Geopolitical Risk

“If the price stays where it is, you will see a slew of closures of smaller, non-producing companies and the majors pull way back on any new projects,” said Ken Hoffman, a Princeton, New Jersey-based analyst at Bloomberg Industries.

Companies relying on a single asset and those in Africa, already struggling with deteriorating geopolitical risk over the past year, will find it more difficult to convince banks to fund projects, Tyler Broda, a gold analyst at Nomura in London, said by phone from London on April 16. Tanzania, where Barrick and South Africa’s AngloGold Ashanti Ltd. operate, is concerned that continued price weakness will discourage investment and lead to mine closures, Ally Samaje, acting minerals commissioner, said April 16.

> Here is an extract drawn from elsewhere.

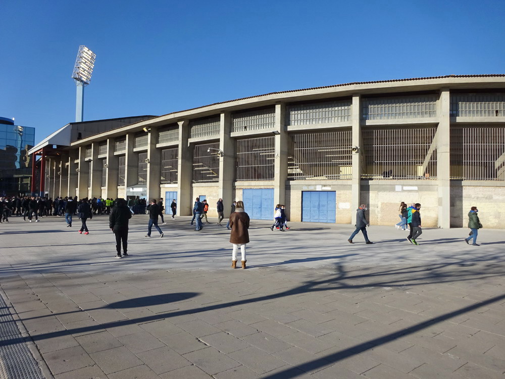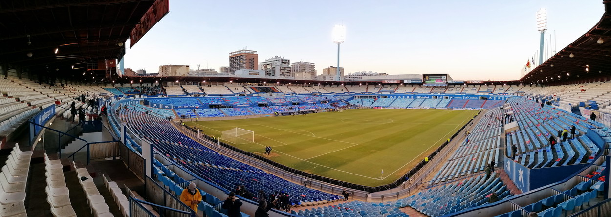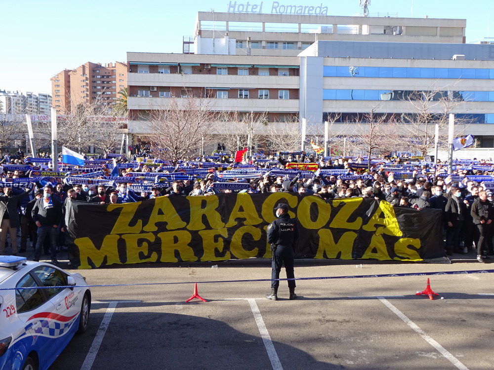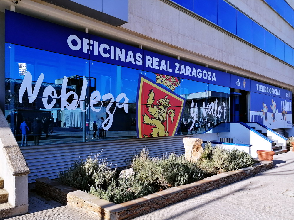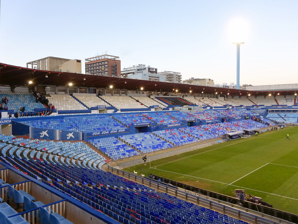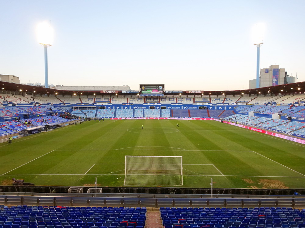 Es wäre heute auch der Doppler Levante und Atletico in Liga eins machbar gewesen, aber das hätte viel Aufwand und Zeitdruck bedeutet und aus dem Alter für viel Aufwand und Zeitdruck bin ich halt irgendwie raus und nur noch selten dazu bereit. Es hätte mich auch jeder Möglichkeit beraubt, abseits des Fußballs etwas aufzusaugen, wie zum Beispiel den Palacio de la Aljaferia oder die sehenswerte Basílica de Nuestra Senora del Pilar, die größte Barockkirche Spaniens. Daher vermied ich die blutige Hopping-Nummer und stieg am Vormittag in den Hochgeschwindigkeitszug AVE und kurz nach Mittag, nach nur etwas mehr als einer Stunde und zwanzig Minuten Fahrzeit 300 Kilometer weiter, wieder aus. Bei zwar kühlen Temperaturen aber sonnigem Wetter konnte ich mir die Stadt dann etwas ansehen bis der Grund der Anreise seine Aufmerksamkeit erforderte. Das La Romareda ist ein schöner betagter Brocken. Alles wirkt etwas angenagt und die Patina der vorherigen Fußball-Epoche liegt wie ein sanfter Schleier über diesem Stadion. Als ich vor dem Spiel eine Runde um das Stadion drehte, geriet ich in den Protest der Hinchada der Gastgeber, die sich hinter der Haupttribüne sammelte und ihren Unmut über den nun schon Jahre schwelenden sportlichen Stillstand des stolzen ehemaligen Europapokalsiegers und mehrfachen spanischen Pokalsiegers, der seit beinahe zehn Jahren in Liga Zwei rumdümpelt, äußerte. Das missfällt dem treuen Anhang, der Taten vom Präsidium fordert. So blieb der Block dann auch die ersten fünfzehn Minuten leer, ehe die Anhänger diesen stürmten und das Team unterstützten. Aus Valladolid warten etwa 140-150 Leute gekommen. Der Verein hat gute Chancen den Abstieg der vergangenen Saison zu korrigieren. Beide Teams neutralisierten sich ziemlich und das Spiel bekam sein gerechtes Ergebnis, denn gute Torchancen waren Mangelware. Der AVE brachte mich dann in Spaniens Hauptstadt, wo am nächsten Morgen der Rückflug anstand.

At current prices, “probably 15 percent of global gold miners from our calculations would be under water at the moment,” Broda said. He predicts gold could fall to as low as $1,000 an ounce this year. Gold for June delivery gained $1.70 cents to $1,384.40 an ounce at 5:47 p.m. in Sydney.

Mine Review

“Golden Star, like other gold producers, is assessing the effect of the fall in the gold price on our budget and production plan,” President and CEO Sam Coetzer said in an e- mail. “We are also reviewing the discretionary capital component of our capital plan for 2013.”

Semafo, which mines in West Africa, may close its Samira Hill mine in Niger, Macquarie analysts said in an April 16 note. Sofia St. Laurent, a spokeswoman for Semafo, didn’t immediately respond to phone calls and an e-mail seeking comment. Omar Jabara, a spokesman for Newmont, said the Greenwood Village, Colorado-based company will continue to rein in costs. Andy Lloyd, a spokesman for Barrick, declined to comment on whether the company’s African Barrick Gold Plc unit could shut mines in Tanzania.

Spending Cuts

Some other miners are already contemplating cost reductions. Petropavlovsk Plc, a London-based miner of gold in Russia, may suspend inessential investment plans and cut exploration spending should prices stay weak, Chairman Peter Hambro said April 16 in an interview.

AngloGold Ashanti Ltd. is reviewing each of its 20 operations “to extract operating efficiencies,” said Alan Fine, a spokesman for the Johannesburg-based company. South Africa’s Harmony Gold Mining Co. said its average so-called all- in cost of production in the six months ended Dec. 31 was about $1,446 an ounce.